If pictures appear in the lines below, skip them and copy exactly the lines from the one containing "سبحة مميزة من" through the one containing "为进一步深挖问题,切实制定好", and nothing else.

» Extracted material
------------------------------

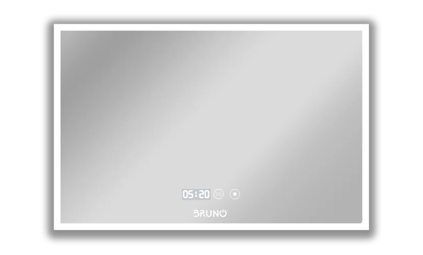 Καθρέφτης μπάνιου Bruno με εντυπωσιακό LED φωτισμό και αντιθαμβωτική λειτουργία.Εξοπλίζεται πλήκτρα αφής για την ενεργοποίηση/απενεργοποίηση του φωτισμού αλλά και της αντιθαμβωτικής λειτουργίας. Επιπλέον, διαθέτει ψηφιακή οθόνη για την ένδειξη της ώρας και της θερμοκρασίας.Η τροφοδοσία του καθρέφτη γίνεται μέσω κοινής πρίζας τοίχου.Οι καθρέφτες LED της Bruno κατασκευάζονται από ποιοτικά υλικά, με σύγχρονες μεθόδους και σύμφωνα με αυστηρά κριτήρια ποιοτικού ελέγχου, διασφαλίζοντας απρόσκοπτη, αξιόπιστη και μακροχρόνια λειτουργία.
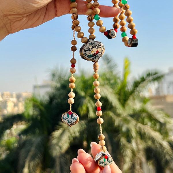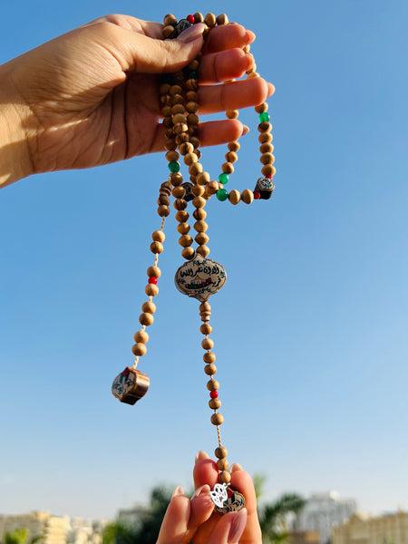سبحة مميزة من خشب الزيتون و حجر الملاكيت مع المرجان تحكي عن فلسطين مع قبة الصخرة و قوله تعالى : “ الا ان نصر الله قريب”
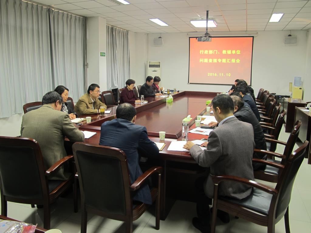 为进一步深挖问题,切实制定好整改措施,确保巡视整改工作取得实效,11月10日,学校组织召开了行政机关和教辅单位问题查摆专题汇报会,院长赵继红,党委副书记马超,副院长赵正风、郑直、崔斌、黄怡俐,纪委书记罗凤英出席会议。行政机关部门及教辅单位主要负责人参加会议。
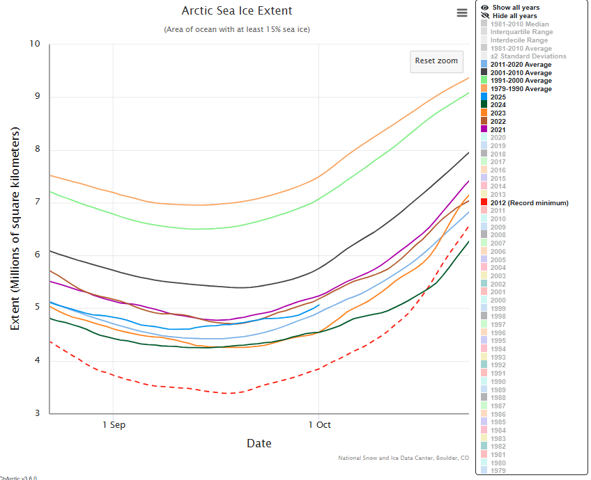 The data for the end of September is now in, and it shows a more promising situation than might have been expected, and reveals some useful trends. Here is the image produced on the NSIDC interactive climate charts for Arctic Sea Ice. This time I have included the decadal average ice extent lines for all four decades since satellite data became available, because I want to show something important that can only be seen from distant results.
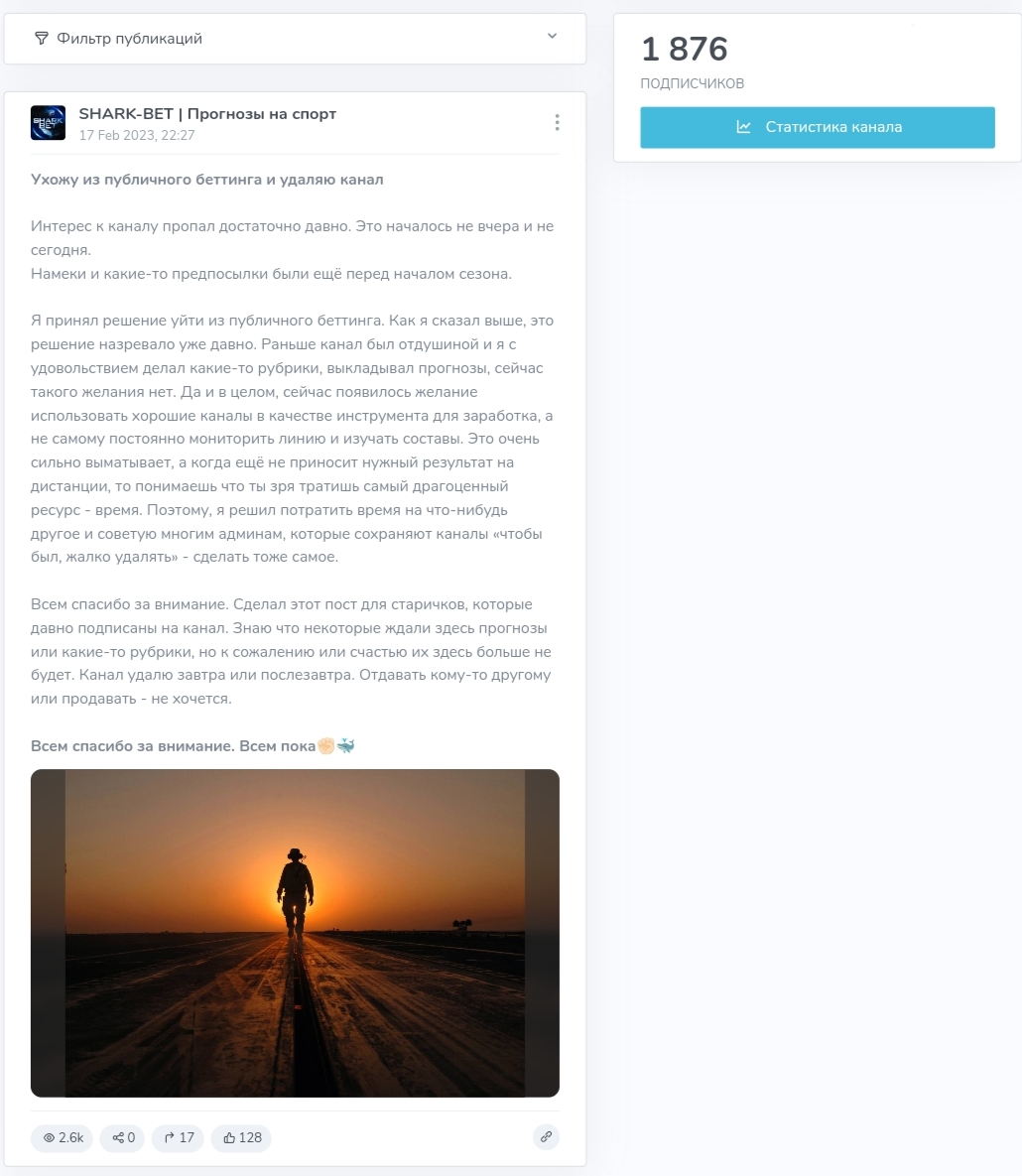 На данный момент TG Shark Bet не функционирует, аналитик перестал публиковать посты и сообщил о завершении работы канала по причине потери интереса и результатов, которые не оправдывают усилий. Во время работы проекта в среднем 2 тыс. подписчиков просматривали ленту, аудитория была немногочисленной, но достаточно активной.

------------------------------

» Expected answer
سبحة مميزة من خشب الزيتون و حجر الملاكيت مع المرجان تحكي عن فلسطين مع قبة الصخرة و قوله تعالى : “ الا ان نصر الله قريب”
 为进一步深挖问题,切实制定好整改措施,确保巡视整改工作取得实效,11月10日,学校组织召开了行政机关和教辅单位问题查摆专题汇报会,院长赵继红,党委副书记马超,副院长赵正风、郑直、崔斌、黄怡俐,纪委书记罗凤英出席会议。行政机关部门及教辅单位主要负责人参加会议。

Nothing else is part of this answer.